For the listing below, output exactly the lines from the line with "vignetting, vector, illustration" up to and including the line with "天猫月亮椅户外折叠椅便携式露营椅子钓鱼凳沙滩躺椅野餐桌椅休闲套装", and no other lines.

● ENTRIES SHOWN

-----

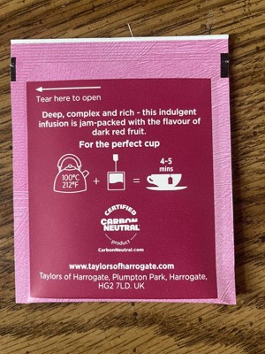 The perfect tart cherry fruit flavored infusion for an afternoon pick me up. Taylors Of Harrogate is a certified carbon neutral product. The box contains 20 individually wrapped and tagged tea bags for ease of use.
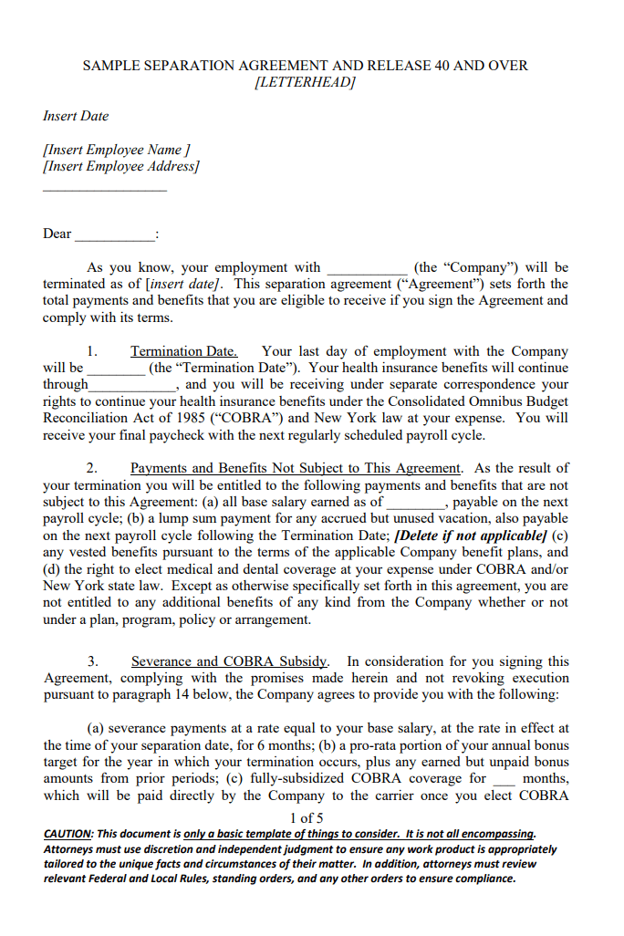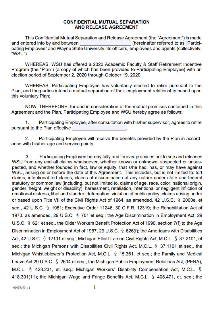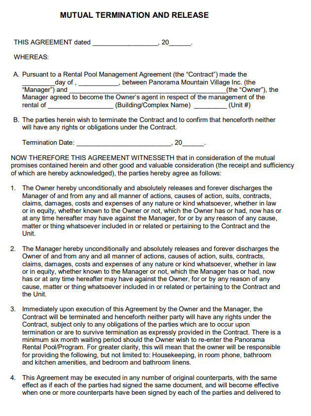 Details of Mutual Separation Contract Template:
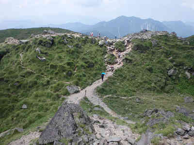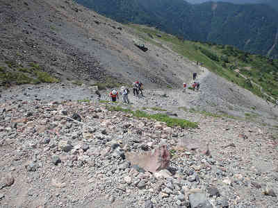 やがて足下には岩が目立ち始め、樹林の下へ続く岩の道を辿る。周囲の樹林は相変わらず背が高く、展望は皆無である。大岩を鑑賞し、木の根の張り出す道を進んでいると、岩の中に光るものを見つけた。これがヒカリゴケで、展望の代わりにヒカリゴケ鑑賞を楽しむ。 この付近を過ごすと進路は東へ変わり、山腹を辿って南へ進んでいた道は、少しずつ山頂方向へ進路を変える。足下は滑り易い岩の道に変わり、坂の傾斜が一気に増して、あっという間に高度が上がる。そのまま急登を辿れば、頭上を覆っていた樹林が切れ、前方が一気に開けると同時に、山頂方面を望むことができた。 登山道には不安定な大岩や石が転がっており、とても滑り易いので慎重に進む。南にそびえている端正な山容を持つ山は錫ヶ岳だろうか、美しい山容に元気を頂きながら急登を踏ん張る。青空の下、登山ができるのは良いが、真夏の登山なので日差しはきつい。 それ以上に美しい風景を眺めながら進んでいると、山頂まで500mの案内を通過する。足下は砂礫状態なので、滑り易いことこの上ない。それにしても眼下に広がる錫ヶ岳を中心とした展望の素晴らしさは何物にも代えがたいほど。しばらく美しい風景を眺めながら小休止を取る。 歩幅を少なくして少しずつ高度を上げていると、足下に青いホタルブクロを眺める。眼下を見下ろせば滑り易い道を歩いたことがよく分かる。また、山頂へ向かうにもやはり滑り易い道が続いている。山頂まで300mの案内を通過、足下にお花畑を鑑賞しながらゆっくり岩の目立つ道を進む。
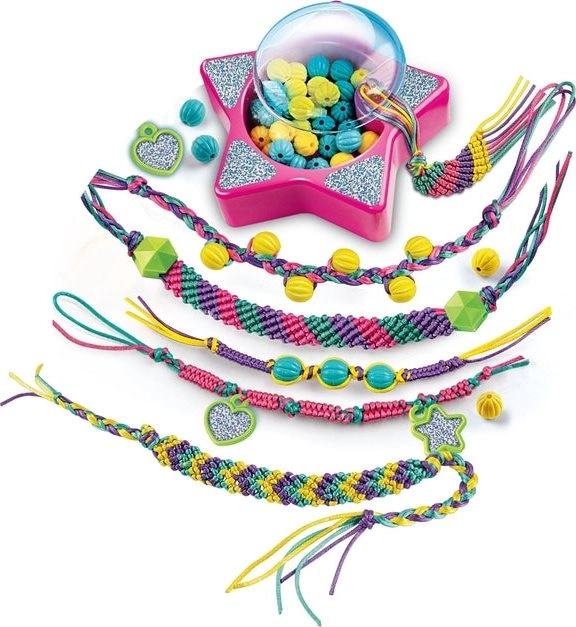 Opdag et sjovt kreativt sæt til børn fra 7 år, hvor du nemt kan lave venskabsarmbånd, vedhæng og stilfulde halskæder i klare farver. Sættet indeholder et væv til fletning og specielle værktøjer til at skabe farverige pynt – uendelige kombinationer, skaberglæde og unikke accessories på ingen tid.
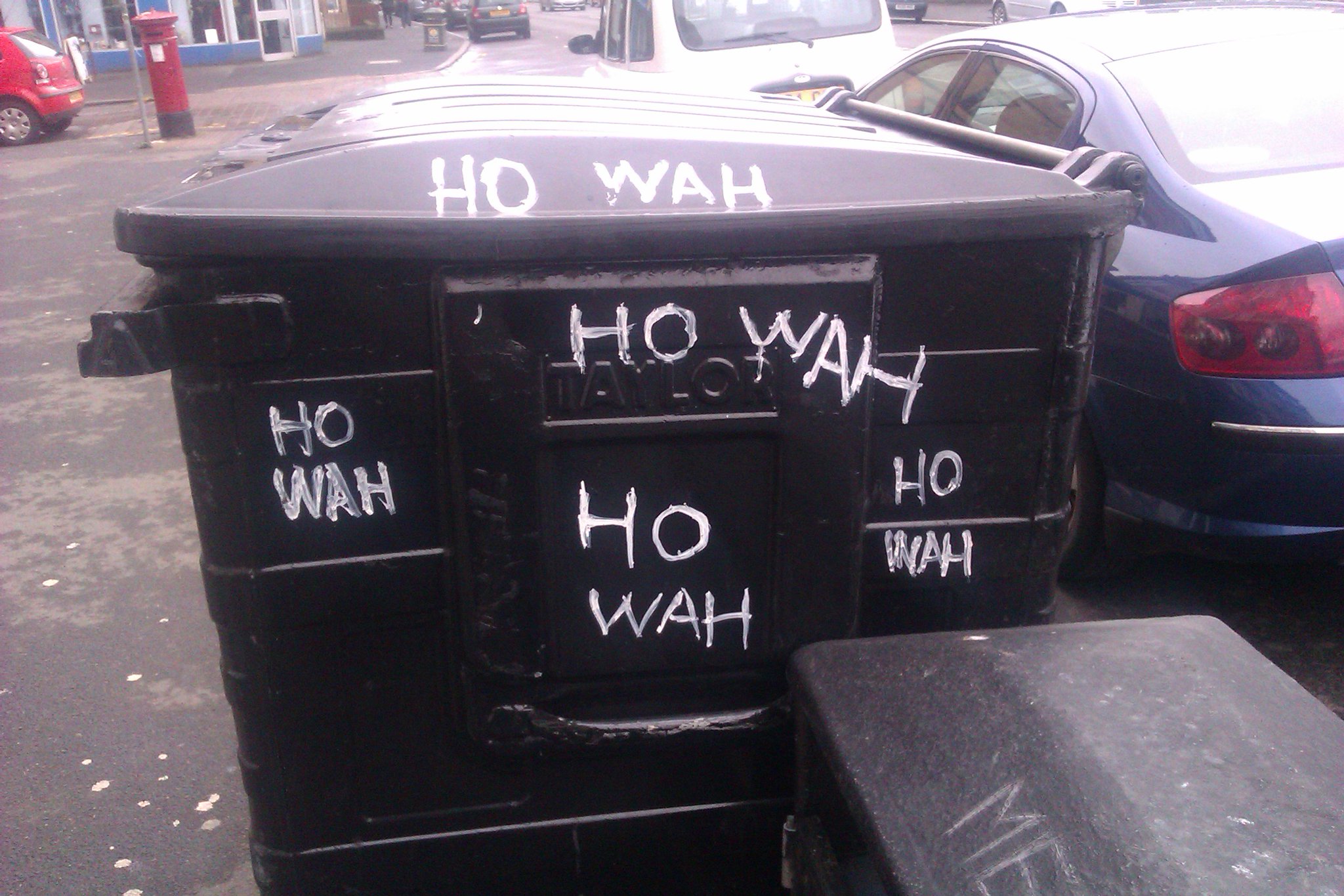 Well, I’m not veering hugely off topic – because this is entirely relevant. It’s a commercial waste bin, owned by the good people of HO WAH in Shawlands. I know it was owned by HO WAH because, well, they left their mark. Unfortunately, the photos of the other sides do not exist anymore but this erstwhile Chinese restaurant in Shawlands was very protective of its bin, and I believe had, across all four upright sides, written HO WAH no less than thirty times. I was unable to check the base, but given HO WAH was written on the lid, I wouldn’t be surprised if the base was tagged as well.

-----

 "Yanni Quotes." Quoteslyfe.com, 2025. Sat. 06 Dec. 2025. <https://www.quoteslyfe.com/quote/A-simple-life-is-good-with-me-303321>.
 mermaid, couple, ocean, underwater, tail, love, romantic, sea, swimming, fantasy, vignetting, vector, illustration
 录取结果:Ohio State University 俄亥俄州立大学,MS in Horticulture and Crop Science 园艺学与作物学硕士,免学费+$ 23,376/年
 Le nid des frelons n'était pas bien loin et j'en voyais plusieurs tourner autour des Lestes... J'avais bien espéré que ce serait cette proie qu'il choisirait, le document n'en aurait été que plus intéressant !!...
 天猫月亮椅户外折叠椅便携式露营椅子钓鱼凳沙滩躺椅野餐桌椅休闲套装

-----

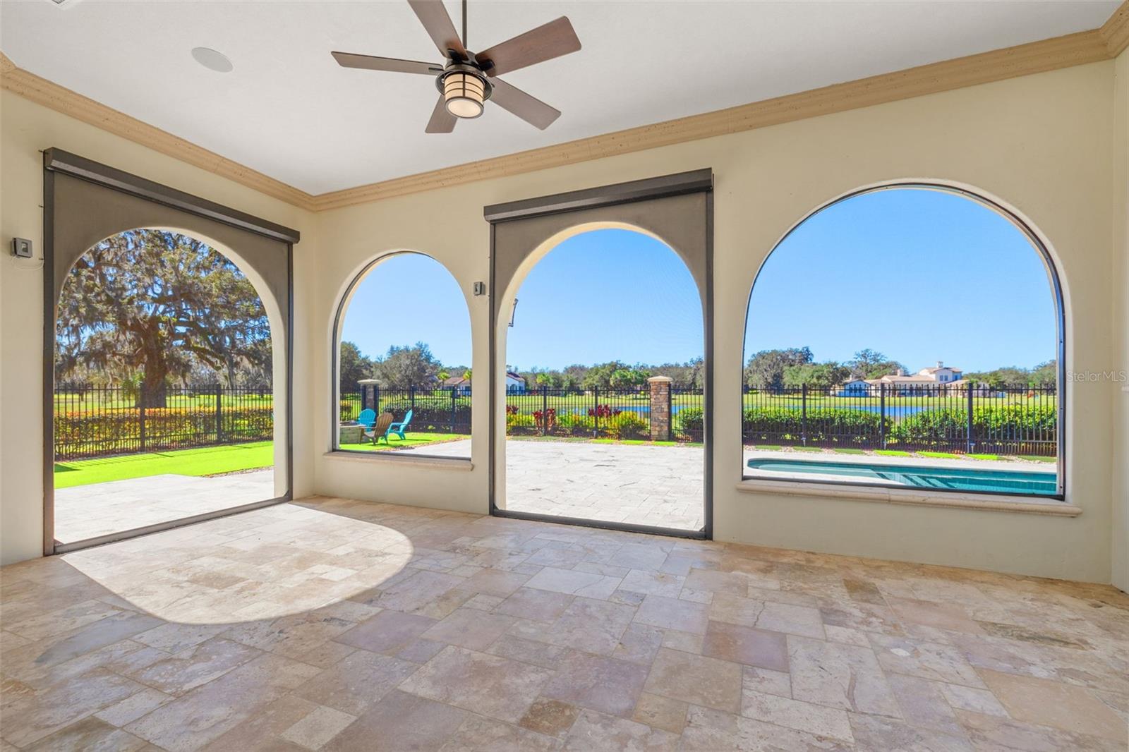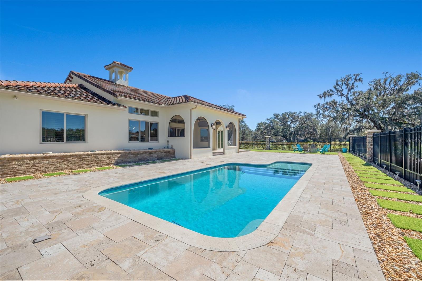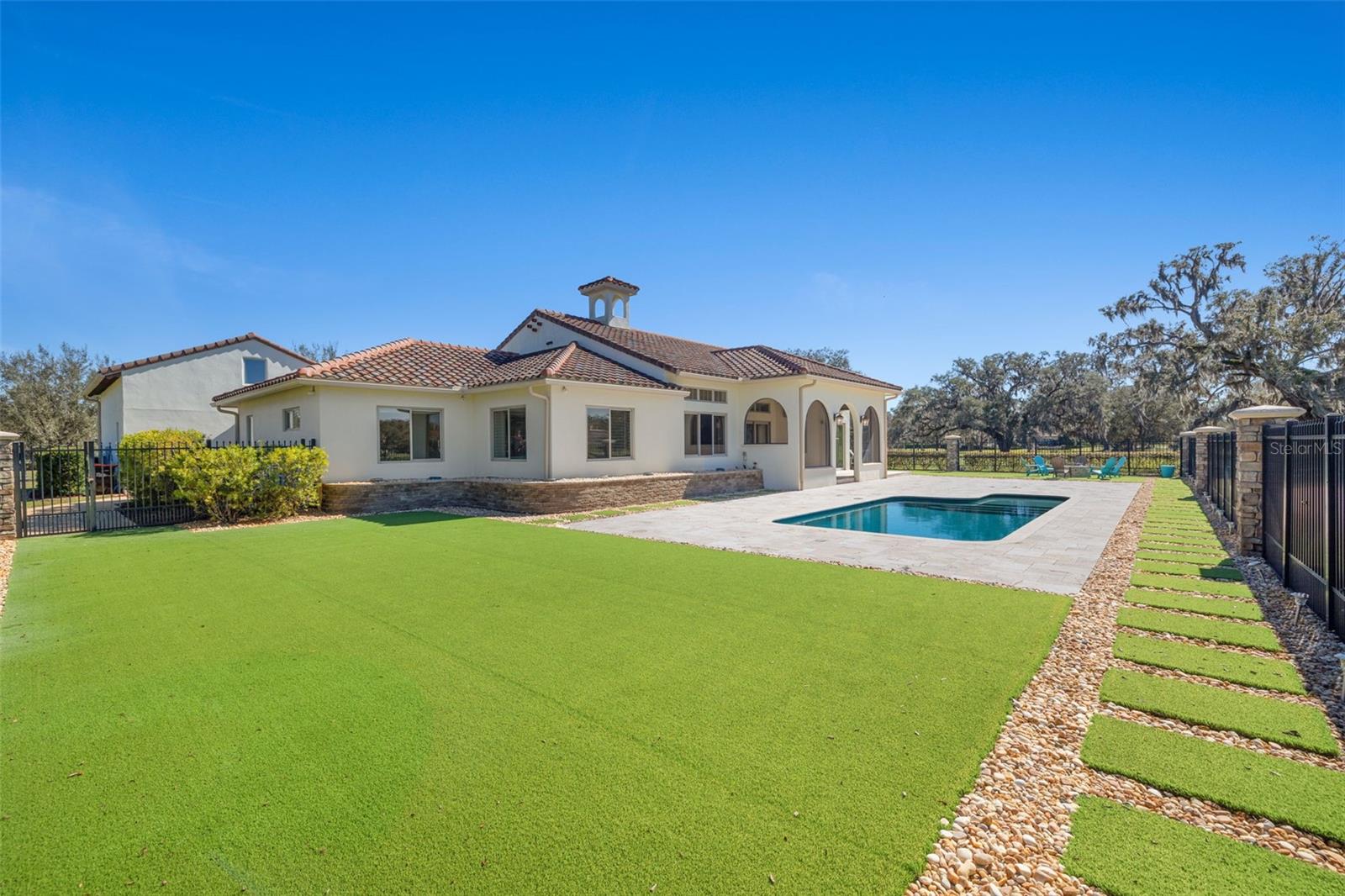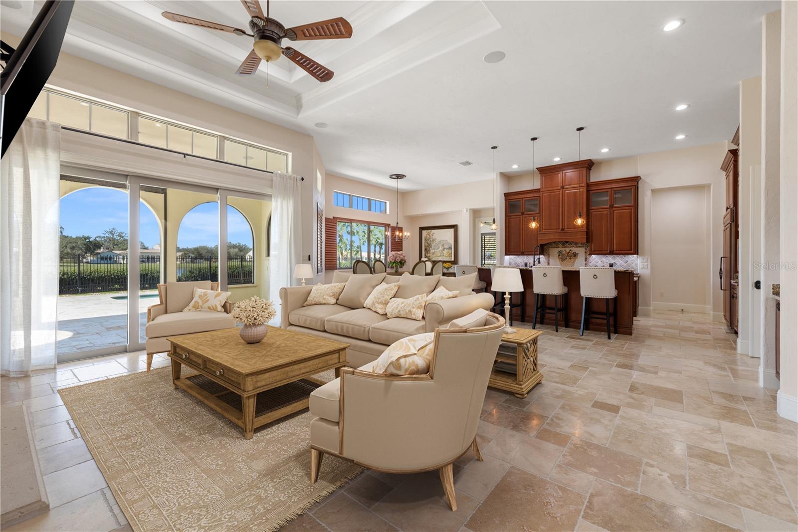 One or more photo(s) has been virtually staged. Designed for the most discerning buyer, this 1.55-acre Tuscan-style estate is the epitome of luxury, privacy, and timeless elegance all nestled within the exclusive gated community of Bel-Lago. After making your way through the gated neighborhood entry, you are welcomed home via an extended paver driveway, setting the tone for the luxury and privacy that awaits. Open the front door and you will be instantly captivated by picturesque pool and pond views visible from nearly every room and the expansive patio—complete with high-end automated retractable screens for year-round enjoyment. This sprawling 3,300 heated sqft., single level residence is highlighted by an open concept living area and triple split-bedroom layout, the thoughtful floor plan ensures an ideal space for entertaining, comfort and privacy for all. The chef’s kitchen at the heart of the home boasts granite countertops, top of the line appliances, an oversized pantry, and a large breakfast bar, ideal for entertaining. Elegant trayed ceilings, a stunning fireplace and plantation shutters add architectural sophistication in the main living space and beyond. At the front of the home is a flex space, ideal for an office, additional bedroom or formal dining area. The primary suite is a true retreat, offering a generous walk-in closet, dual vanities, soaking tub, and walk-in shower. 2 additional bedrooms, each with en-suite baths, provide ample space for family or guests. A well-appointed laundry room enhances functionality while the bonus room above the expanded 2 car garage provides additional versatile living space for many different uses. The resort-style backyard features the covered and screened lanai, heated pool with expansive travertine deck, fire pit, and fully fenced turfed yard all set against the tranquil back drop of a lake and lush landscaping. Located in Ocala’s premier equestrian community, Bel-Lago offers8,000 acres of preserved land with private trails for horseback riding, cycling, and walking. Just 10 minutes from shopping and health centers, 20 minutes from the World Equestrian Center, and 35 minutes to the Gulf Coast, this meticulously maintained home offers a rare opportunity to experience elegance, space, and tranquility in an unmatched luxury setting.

-----

● YOUR SOLUTION
 mermaid, couple, ocean, underwater, tail, love, romantic, sea, swimming, fantasy, vignetting, vector, illustration
 录取结果:Ohio State University 俄亥俄州立大学,MS in Horticulture and Crop Science 园艺学与作物学硕士,免学费+$ 23,376/年
 Le nid des frelons n'était pas bien loin et j'en voyais plusieurs tourner autour des Lestes... J'avais bien espéré que ce serait cette proie qu'il choisirait, le document n'en aurait été que plus intéressant !!...
 天猫月亮椅户外折叠椅便携式露营椅子钓鱼凳沙滩躺椅野餐桌椅休闲套装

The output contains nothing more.